BERLIN (Reuters) - German industrial output dipped unexpectedly in August for the third time in as many months, data showed on Monday, suggesting Europe’s largest economy lost steam in the third quarter.
Data from the Economy Ministry showed industrial output fell 0.3 percent in August, confounding a Reuters forecast for a rise of 0.4 percent. It followed a fall of 1.3 percent in July, itself a downward revision of an earlier, stronger number.
Jennifer McKeown, economist at Capital Economics, said the weak reading, combined with a recent downturn in retail sales, indicated the economy had not sustained its strong start to the year.
“August’s 0.3 percent fall in German industrial production is much weaker than expected and suggests that the economy is very unlikely to match the second quarter’s 0.5 percent expansion in the third quarter,” she said.
Economists are taking an increasingly pessimistic view of the German economy, with the top German institutes last month revising down their 2018 growth forecast and warning that an escalation of trade friction involving the United States could cause a major recession in Germany and Europe.
A source has also told Reuters that the government will revise down its growth forecasts for this year and next. The government is expected to announce its updated growth projections on Thursday.
A breakdown of the output data showed construction activity tumbled by 1.8 percent while factories churned out 0.7 percent fewer capital goods.
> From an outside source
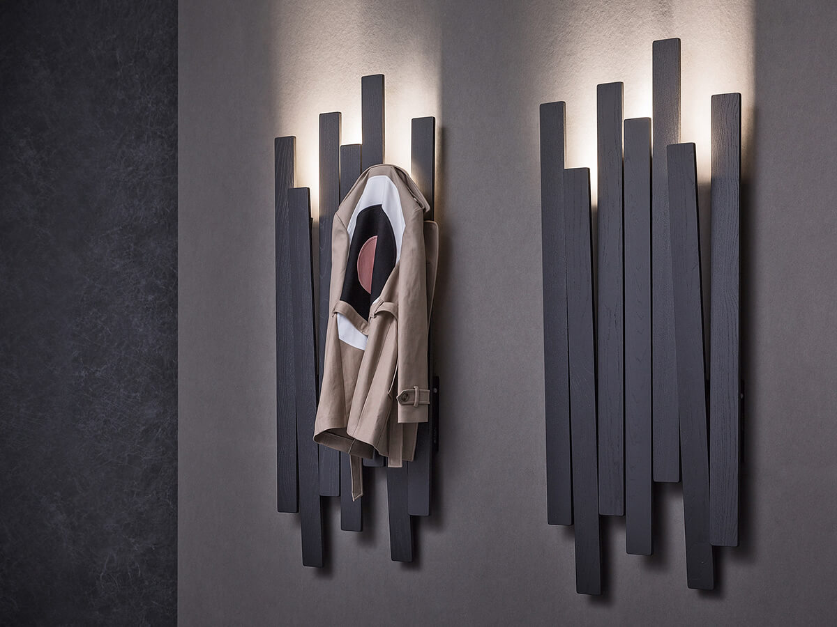 A piece of furniture halfway among sculpture, art and high-end design. Ski incorporates the essentiality of shapes combined to form something suggestive, elegant and above all functional, without however neglecting a pinch of taste. It comes from a curious story: the observation of a sequence of skis leaning against the wall of a shelter and used as coat hangers. The slender wooden slats that compose it are a clear reference to this memory, negligible elements in themselves that together are able to form a new whole. As always, the light gives an absolutely unique detail to the whole, creating a play of shades and enhancing the main structure.*Technical features: LEDs inserted in the sequence of slats

But output of consumer goods and energy were bright spots.
The ministry said one reason for the weaker data was slower production in the auto sector related to difficulties adjusting to a new pollution standard - the Worldwide Harmonised Light Vehicle Test Procedure (WLTP).
“With a large order backlog and incoming orders picking up again, the industrial upturn will probably continue again soon, especially as the bottleneck for the registration of cars according to the WLTP standard is gradually clearing,” it said.
In the less volatile two-month comparison comparing July/August with May/June, production tumbled by 1.8 percent.
“The slowdown of the German industry continues,” ING economist Carsten Brzeski said, adding the sector had undergone a deflationary phase in the first eight months of the year.
But he added that it was too early to lose hope, adding: “Too often has there been a surge in industrial (and economic) activity in Germany after the summer vacation.”
Data on Friday had shown industrial orders rebounding in August as an auto sector bottleneck cleared and deals with customers outside Europe picked up sharply.
Other recent data has shown growth in the manufacturing sector slowing and the Ifo institute’s monthly survey showed business sentiment improved in all sectors other than manufacturing.